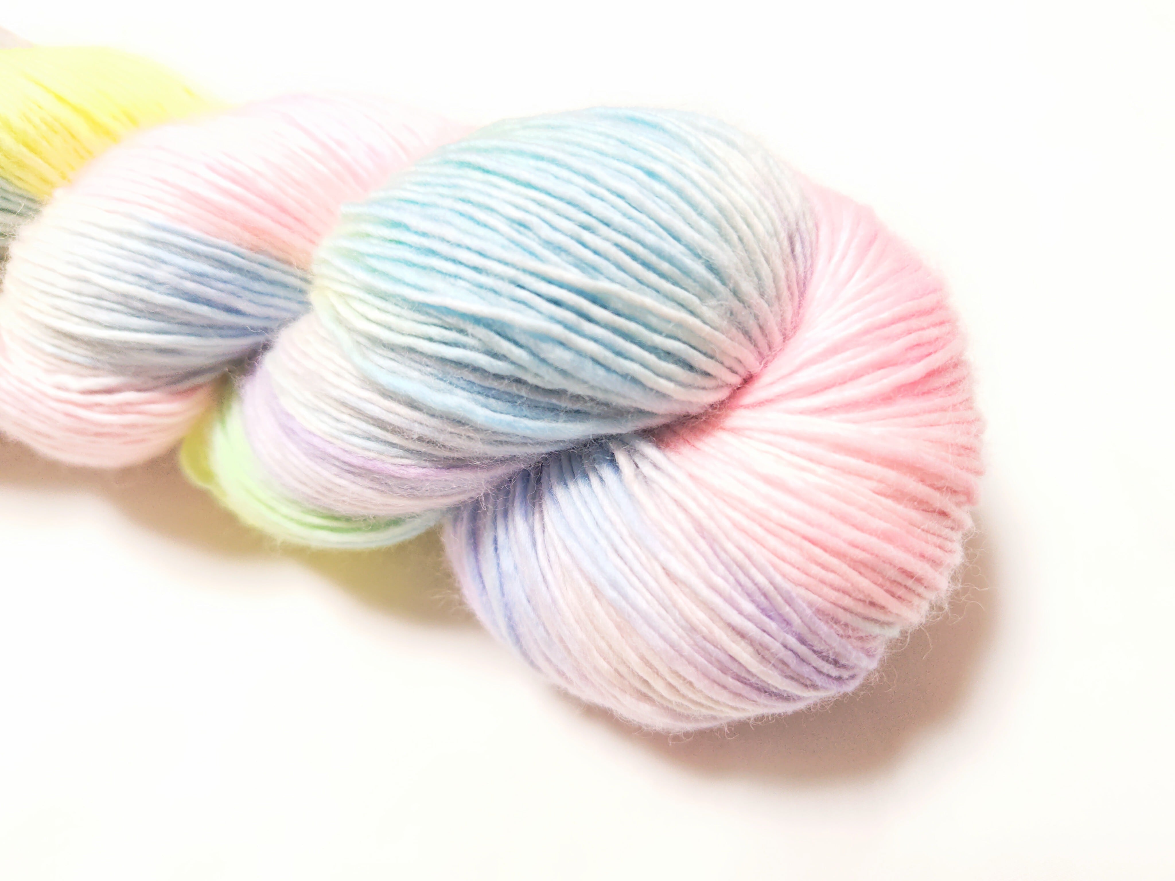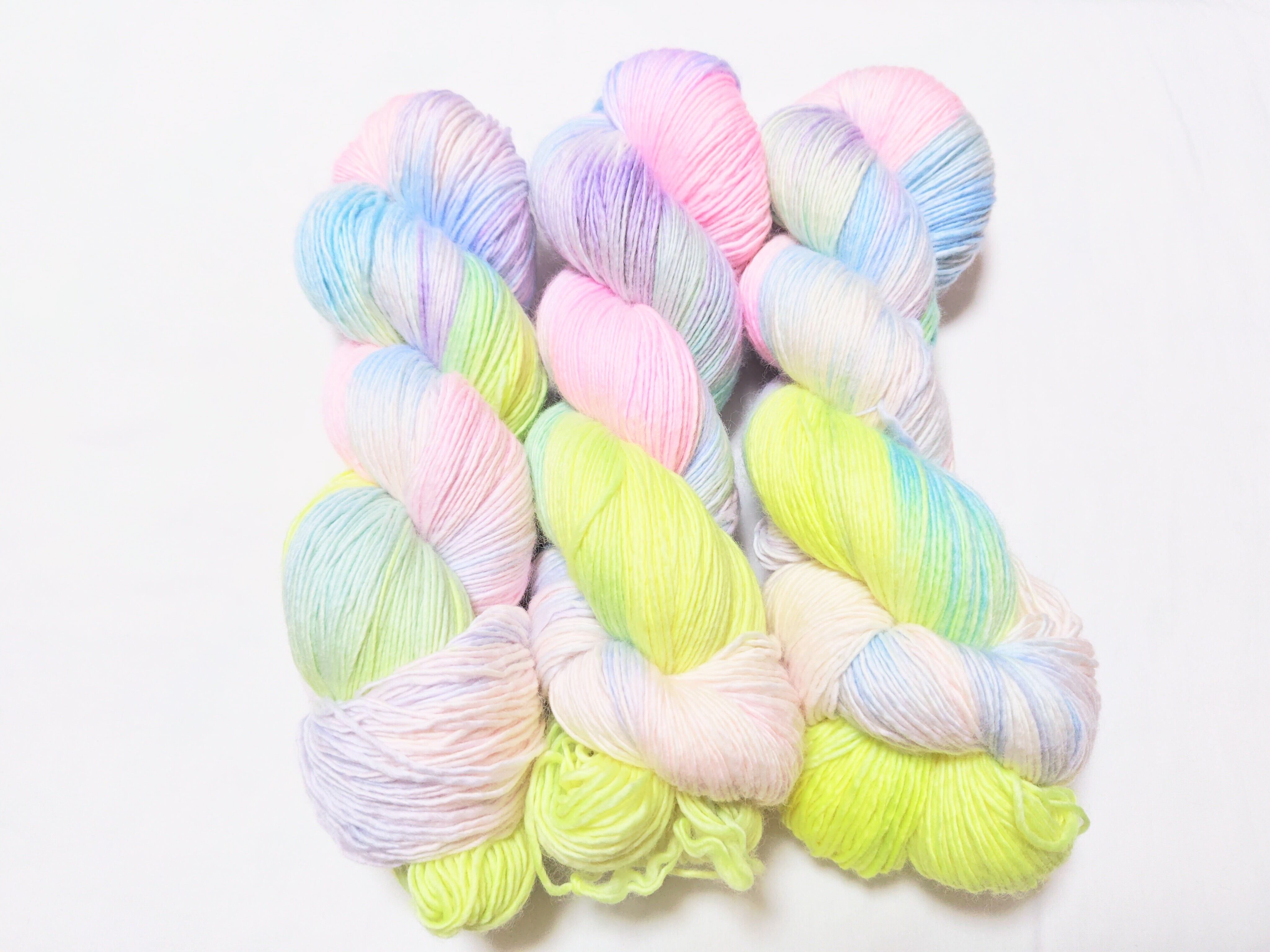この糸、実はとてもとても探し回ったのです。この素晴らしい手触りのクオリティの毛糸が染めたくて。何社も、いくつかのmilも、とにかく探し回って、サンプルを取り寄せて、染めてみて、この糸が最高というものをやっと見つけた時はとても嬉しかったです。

---

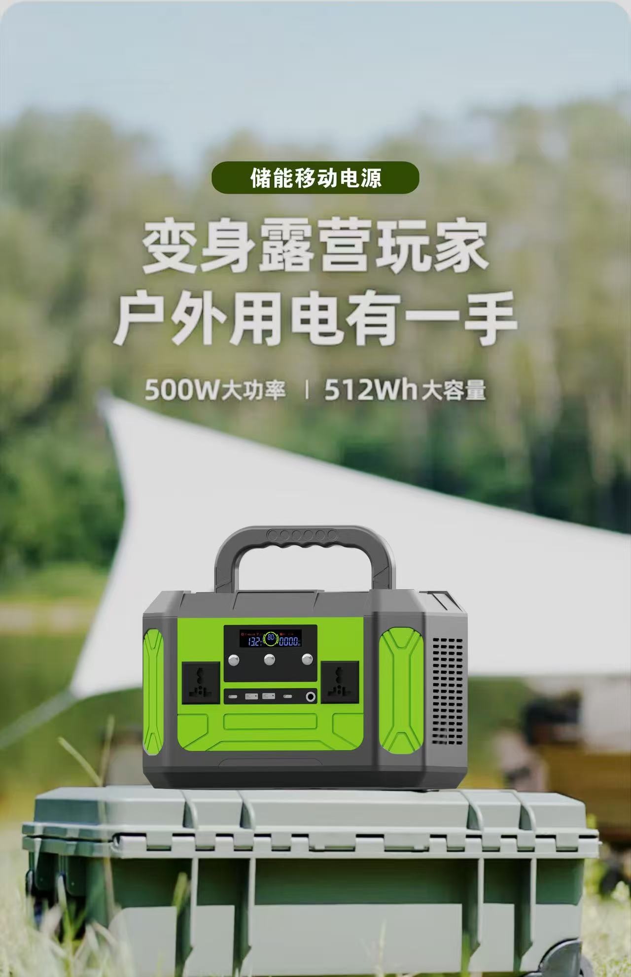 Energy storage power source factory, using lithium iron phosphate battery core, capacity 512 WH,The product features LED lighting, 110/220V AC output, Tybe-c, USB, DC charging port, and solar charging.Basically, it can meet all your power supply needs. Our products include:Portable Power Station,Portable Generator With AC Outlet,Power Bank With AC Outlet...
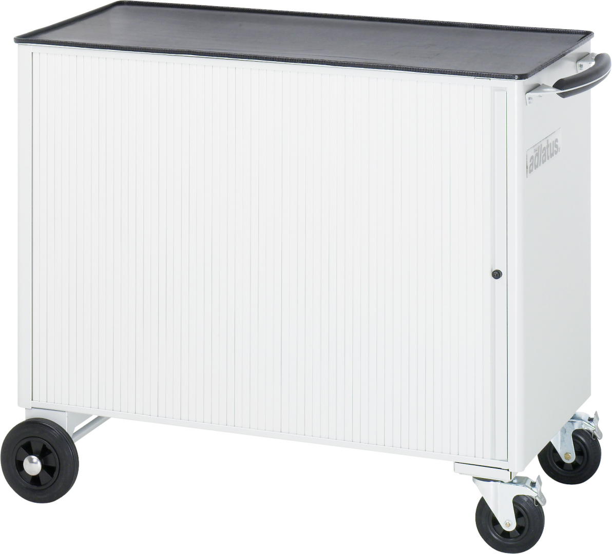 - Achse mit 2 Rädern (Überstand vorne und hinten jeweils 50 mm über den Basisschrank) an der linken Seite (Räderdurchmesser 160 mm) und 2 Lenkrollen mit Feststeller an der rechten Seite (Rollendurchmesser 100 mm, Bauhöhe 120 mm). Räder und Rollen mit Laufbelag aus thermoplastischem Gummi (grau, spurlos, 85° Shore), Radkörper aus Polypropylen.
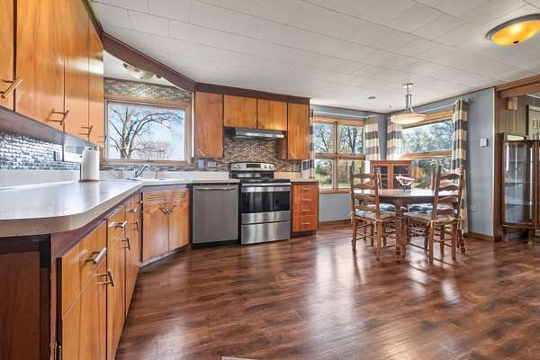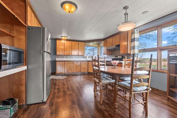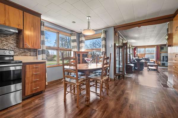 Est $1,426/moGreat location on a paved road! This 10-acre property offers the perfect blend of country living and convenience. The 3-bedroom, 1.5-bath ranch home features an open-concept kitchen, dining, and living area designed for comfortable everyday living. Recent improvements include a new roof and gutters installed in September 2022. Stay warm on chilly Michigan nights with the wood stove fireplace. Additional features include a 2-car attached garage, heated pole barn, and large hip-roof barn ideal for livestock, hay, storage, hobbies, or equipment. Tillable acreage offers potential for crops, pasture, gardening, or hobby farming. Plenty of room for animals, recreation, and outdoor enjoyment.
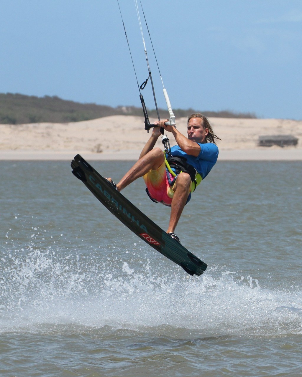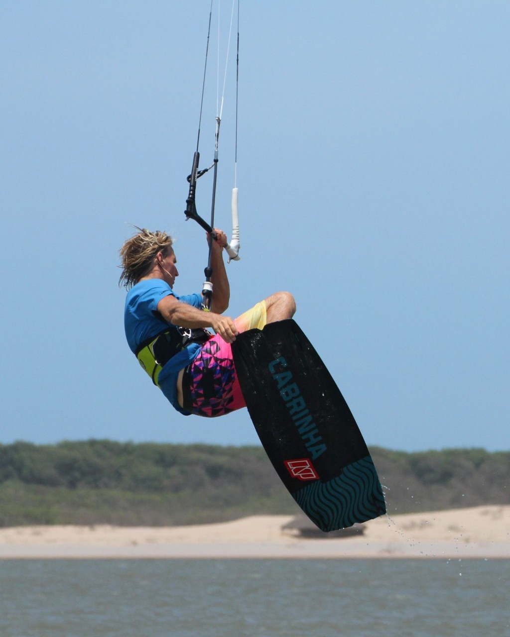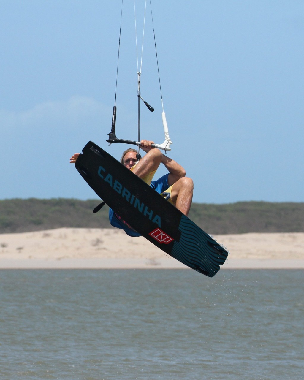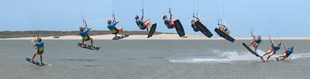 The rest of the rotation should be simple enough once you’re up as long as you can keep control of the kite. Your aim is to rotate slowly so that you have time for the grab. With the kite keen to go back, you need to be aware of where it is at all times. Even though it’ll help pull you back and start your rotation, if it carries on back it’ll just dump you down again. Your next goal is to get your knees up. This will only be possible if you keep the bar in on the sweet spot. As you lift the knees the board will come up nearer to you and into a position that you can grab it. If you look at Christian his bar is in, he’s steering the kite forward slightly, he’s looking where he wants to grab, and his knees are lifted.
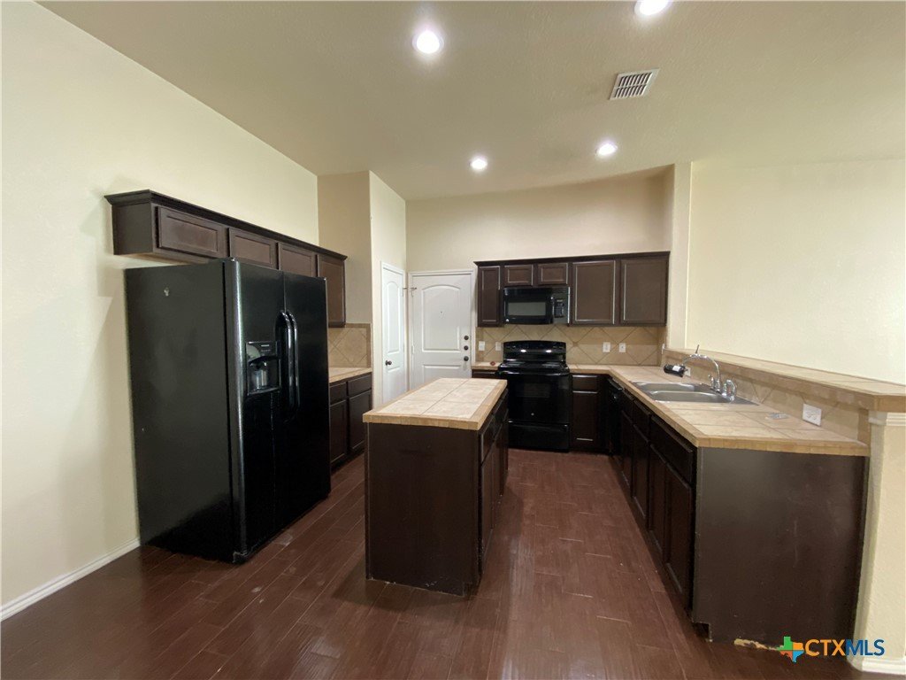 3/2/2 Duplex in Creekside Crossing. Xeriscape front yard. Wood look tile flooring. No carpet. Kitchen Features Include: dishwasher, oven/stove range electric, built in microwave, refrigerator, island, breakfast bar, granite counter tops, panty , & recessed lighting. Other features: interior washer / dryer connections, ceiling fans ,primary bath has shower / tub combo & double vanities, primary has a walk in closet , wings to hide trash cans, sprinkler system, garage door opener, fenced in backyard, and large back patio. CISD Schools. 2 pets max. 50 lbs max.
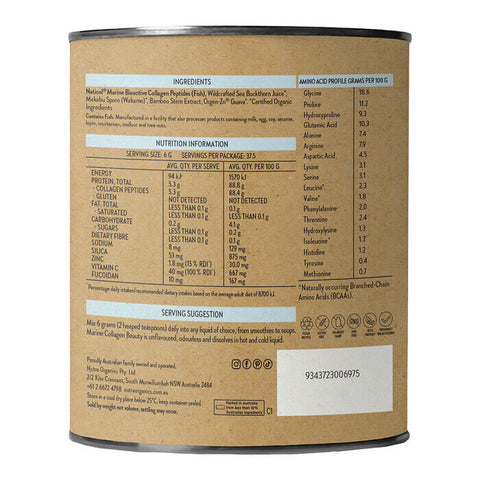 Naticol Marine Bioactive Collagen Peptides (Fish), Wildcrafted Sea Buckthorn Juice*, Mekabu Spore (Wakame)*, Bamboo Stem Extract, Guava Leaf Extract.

--

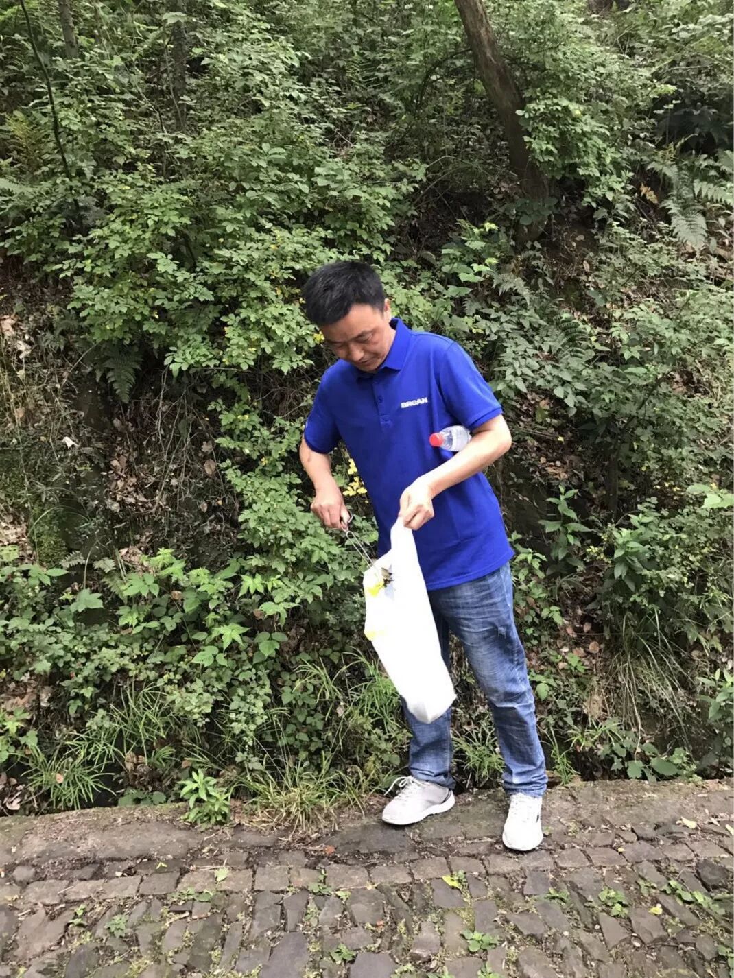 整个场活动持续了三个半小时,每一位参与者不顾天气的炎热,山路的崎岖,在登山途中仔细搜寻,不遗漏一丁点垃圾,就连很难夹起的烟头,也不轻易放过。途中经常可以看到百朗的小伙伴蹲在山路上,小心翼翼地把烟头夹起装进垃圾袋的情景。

■ Problem statement ■
Look above for the line containing "3/2/2 Duplex in", then copy exactly from it through the line containing "Naticol Marine Bioactive", keeping both and leaving out pictures. Add nothing else.

■ Written response ■
 3/2/2 Duplex in Creekside Crossing. Xeriscape front yard. Wood look tile flooring. No carpet. Kitchen Features Include: dishwasher, oven/stove range electric, built in microwave, refrigerator, island, breakfast bar, granite counter tops, panty , & recessed lighting. Other features: interior washer / dryer connections, ceiling fans ,primary bath has shower / tub combo & double vanities, primary has a walk in closet , wings to hide trash cans, sprinkler system, garage door opener, fenced in backyard, and large back patio. CISD Schools. 2 pets max. 50 lbs max.
 Naticol Marine Bioactive Collagen Peptides (Fish), Wildcrafted Sea Buckthorn Juice*, Mekabu Spore (Wakame)*, Bamboo Stem Extract, Guava Leaf Extract.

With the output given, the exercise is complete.